#### YOUR INSTRUCTIONS:
One exact copy of the listing, minus the images, is the required answer.

═══ INFORMATION SUPPLIED

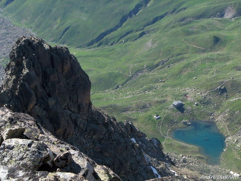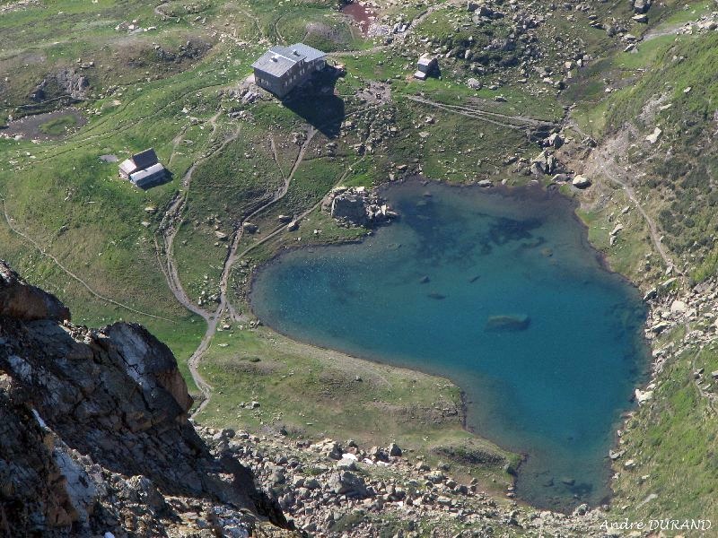 Pointe d'Aragon, refuge et lac de Pombie 700m plus bas.
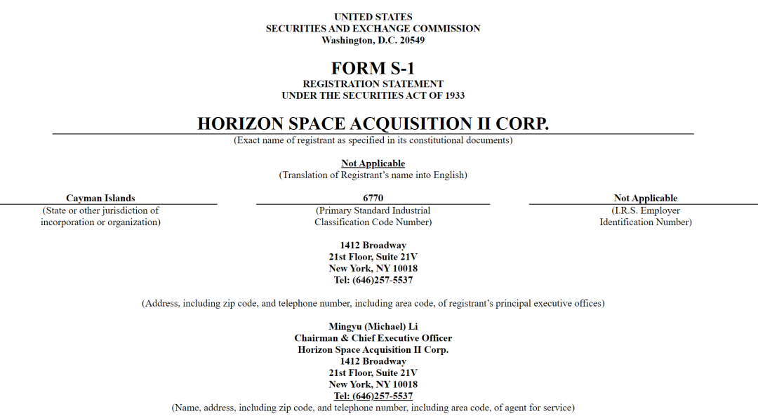 当地时间10月21日(北京时间10月22日),Horizon Space Acquisition II Corp (SPAC)公开向美国证券交易委员会(SEC)递交IPO,拟HSPTU为股票代码,申请纳斯达克上市。该公司最早于2024年8月12日向SEC递交秘密申请。
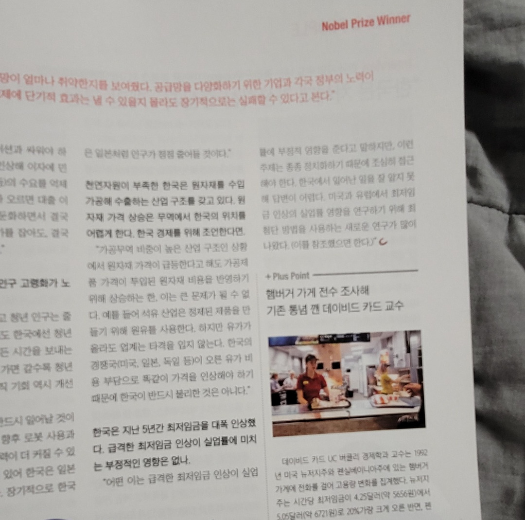 '노벨 프라이즈 위너'라는 섹션인데요. 여기는 좀 재미있는 대목이었습니다. '최저임금 인상이 실업률에 미치는 영향이 없냐'는 질문에 '정치화된 주장, 관련 연구를 확인해보라'는 답변이 있었는데요. 밑 꼭지에 언급된 연구에 따르면 최저임금 인상이 오히려 고용 개선에 긍정적인 영향을 미쳤다고 합니다. 질문 자체는 의도가 보였지만, 본지의 성향과 다른 연구라도 인용하는 모습이 긍정적이네요.

══════

#### SOLUTION TO THE PROBLEM:
 Pointe d'Aragon, refuge et lac de Pombie 700m plus bas.
 当地时间10月21日(北京时间10月22日),Horizon Space Acquisition II Corp (SPAC)公开向美国证券交易委员会(SEC)递交IPO,拟HSPTU为股票代码,申请纳斯达克上市。该公司最早于2024年8月12日向SEC递交秘密申请。
 '노벨 프라이즈 위너'라는 섹션인데요. 여기는 좀 재미있는 대목이었습니다. '최저임금 인상이 실업률에 미치는 영향이 없냐'는 질문에 '정치화된 주장, 관련 연구를 확인해보라'는 답변이 있었는데요. 밑 꼭지에 언급된 연구에 따르면 최저임금 인상이 오히려 고용 개선에 긍정적인 영향을 미쳤다고 합니다. 질문 자체는 의도가 보였지만, 본지의 성향과 다른 연구라도 인용하는 모습이 긍정적이네요.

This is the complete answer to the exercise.